When I am converting videos from one format to another, I often need to convert the susbtitles as well. I wrote a script to extract (and convert PGS to VobSub). This is a bash script that I am running on my Mac. If you want to run it on linux, just update the PATHs to the commands as necessary. The major tools/dependencies you have to have installed that aren’t available by default are ffprobe, mkvextract (part of the mkvtoolnix suite), java, and BDSup2Sub.
The script takes one parameter; the filename of the mkv.
If the filename has spaces, the subtitle files that are extracted will have underscores in place of the spaces. It makes the script a lot easier to code.
If PGS (.sup) subtitles are extracted, it will automatically convert them to VobSub (SUB/IDX) files for embedding in MP4 containers.
#!/bin/bash
trap 'rm -f /tmp/*.$$ ; exit 0' 0 1 2 3 13 15
ffprobe "$1" 2>&1 | grep Stream | grep "Subtitle:" | while read line
do
tracknum=$( echo "${line}" | cut -f 2 -d ':' | egrep -o "^[0-9]+" )
lang=$( echo "${line}" | cut -f 2 -d ':' | cut -f 2- -d '(' | tr -d ')' )

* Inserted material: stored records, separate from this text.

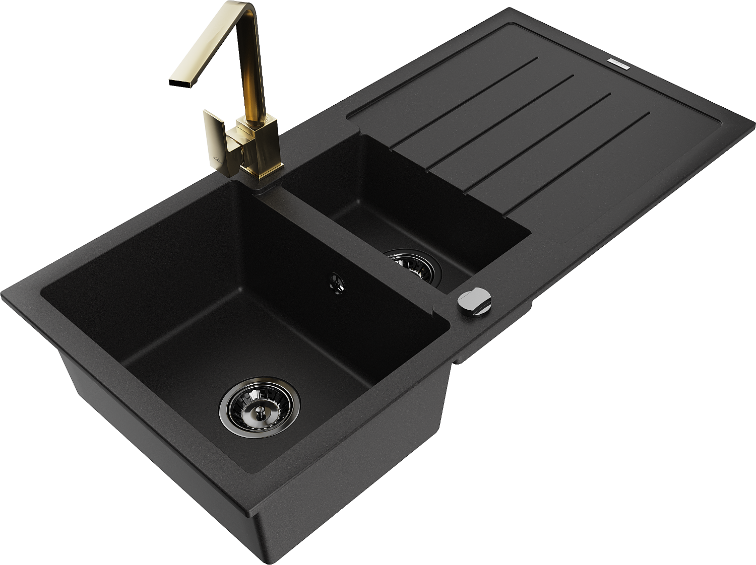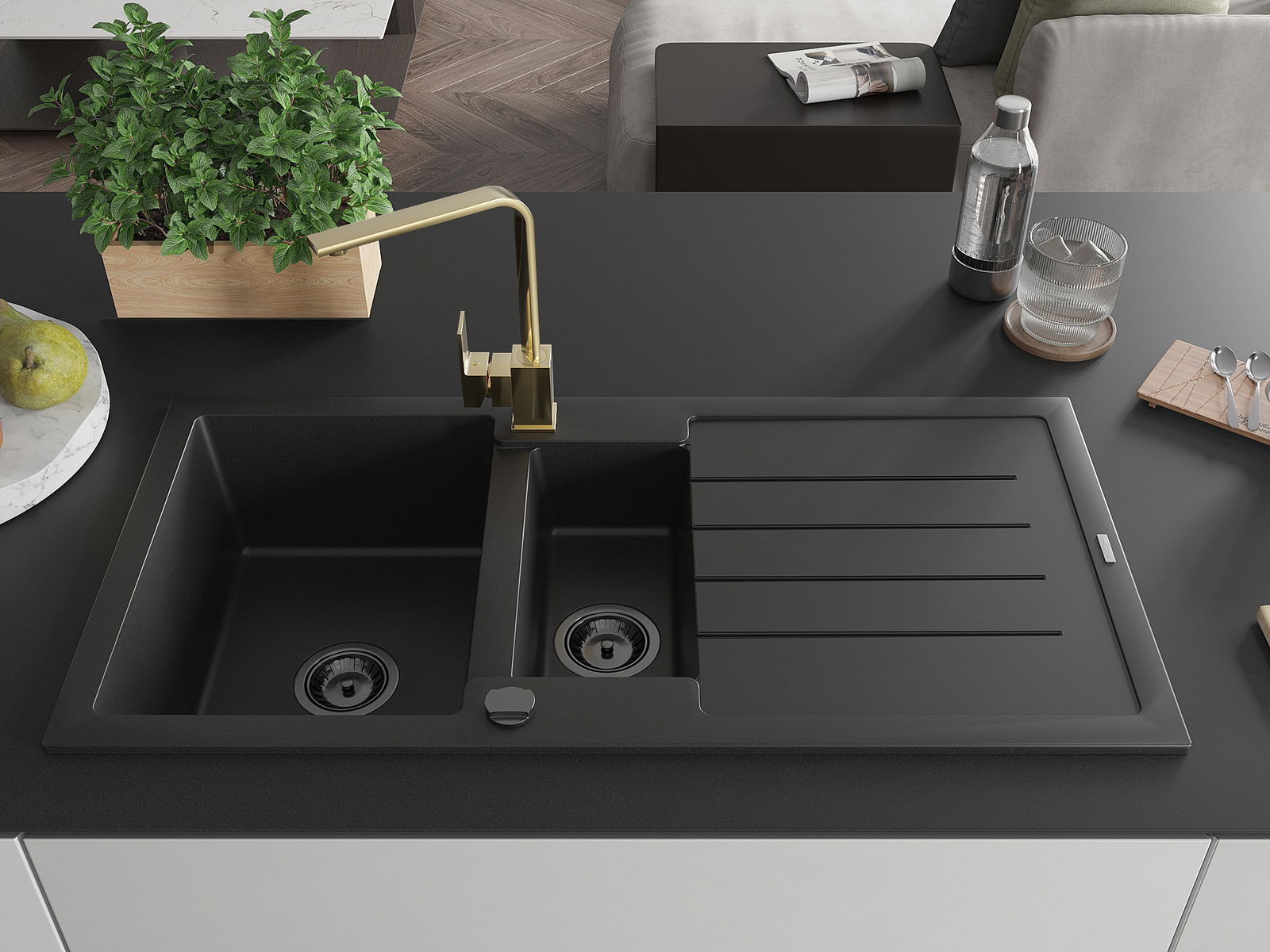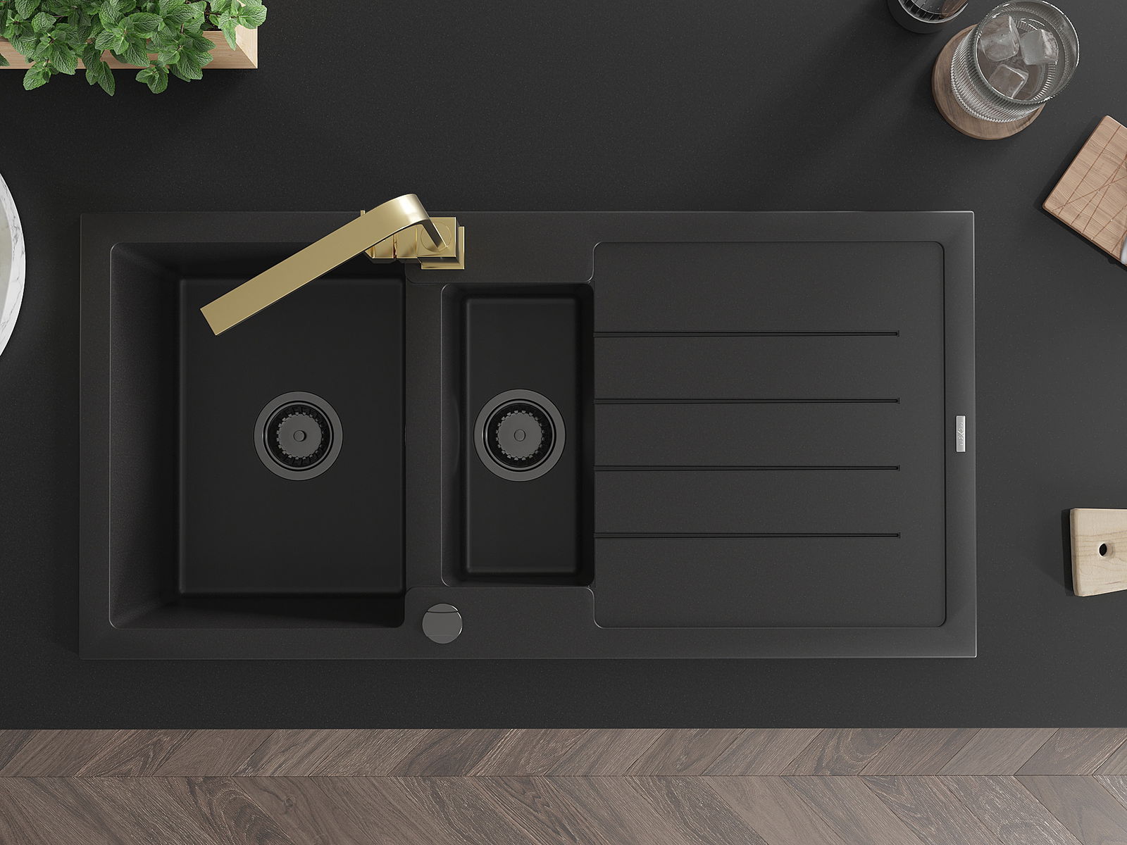 Mexen Andres évier en granit 1,5 bac avec égouttoir et robinet de cuisine Rita, noir/or métallique- 6515-75-670300-50-B
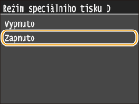 Pokud se problém nevyřeší ani po nastavení této položky, nastavte <Režim speciálního tisku D> na <Zapnuto>. Režim speciálního tisku D
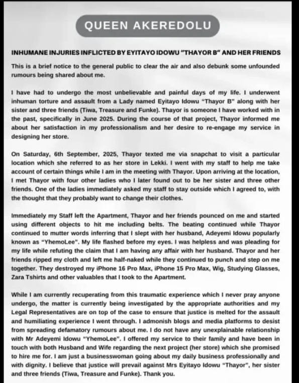 In a statement shared online, Queen alleged that Thayor B and her friends lured her to an apartment in Lekki under the guise of a business meeting and then assaulted her.
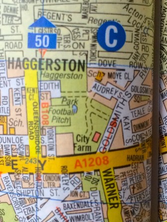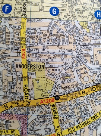 Haggerston, an area in the Borough of Hackney, northeast London, is notable for few things. For its Hackney City Farm. For its Haggerston School, designed by Ernö Goldfinger. For its long association with clowning [1]. And for famous residents such as comet-namegiver Edmund Halley and psychogeographer Iain Sinclair.
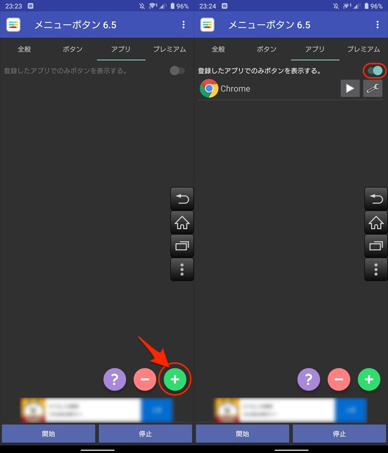 指定 Chrome 的示例。按钮在主屏幕等上消失。

type=$( echo "${line}" | awk '{ print $4;}' )
case "${type}"
in
"hdmv_pgs_subtitle" | "hdmv_pgs_subtitle,")
ext="sup"
;;
"subrip")
ext="srt"
;;
"dvd_subtitle" | "dvd_subtitle,")
ext="sub"
;;
"ass")
ext="ass"
;;
"ssa")
ext="ssa"
;;
*)
ext="unknown_type"
;;
esac
echo "${tracknum}:$( basename "$1" | tr ' ' '_' ).${tracknum}.${lang}.${ext}"

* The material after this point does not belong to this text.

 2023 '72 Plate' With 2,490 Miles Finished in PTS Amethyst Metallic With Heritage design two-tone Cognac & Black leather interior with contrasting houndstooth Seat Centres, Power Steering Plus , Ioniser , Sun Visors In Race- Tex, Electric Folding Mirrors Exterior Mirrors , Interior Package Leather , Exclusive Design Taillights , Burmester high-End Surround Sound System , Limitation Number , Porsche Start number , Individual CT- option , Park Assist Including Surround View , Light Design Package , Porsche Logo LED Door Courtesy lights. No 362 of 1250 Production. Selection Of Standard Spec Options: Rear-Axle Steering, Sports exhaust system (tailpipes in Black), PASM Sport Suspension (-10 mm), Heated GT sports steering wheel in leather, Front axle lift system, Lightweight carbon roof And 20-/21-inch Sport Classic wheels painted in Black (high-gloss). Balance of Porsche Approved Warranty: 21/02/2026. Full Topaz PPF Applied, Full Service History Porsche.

# echo "${tracknum}:$( basename "$1" ).${tracknum}.${lang}.${ext}"
done > /tmp/extractsubs.$$
# For the life of me I can't get it to work with spaces in the names, so I just convert
# spaces to underscores, and it works. Maybe I'll use another character, then convert it
# back when it's done.
/Applications/MKVToolNix-*.0.0.app/Contents/MacOS/mkvextract "$1" tracks $( cat /tmp/extractsubs.$$ )
cat /tmp/extractsubs.$$ | egrep ".sup$" | cut -f 2- -d ':' | while read line
do
java -jar /Applications/BDSup2Sub512.jar -o "$( basename "${line}" .sup ).sub" "${line}"
rm "${line}"
done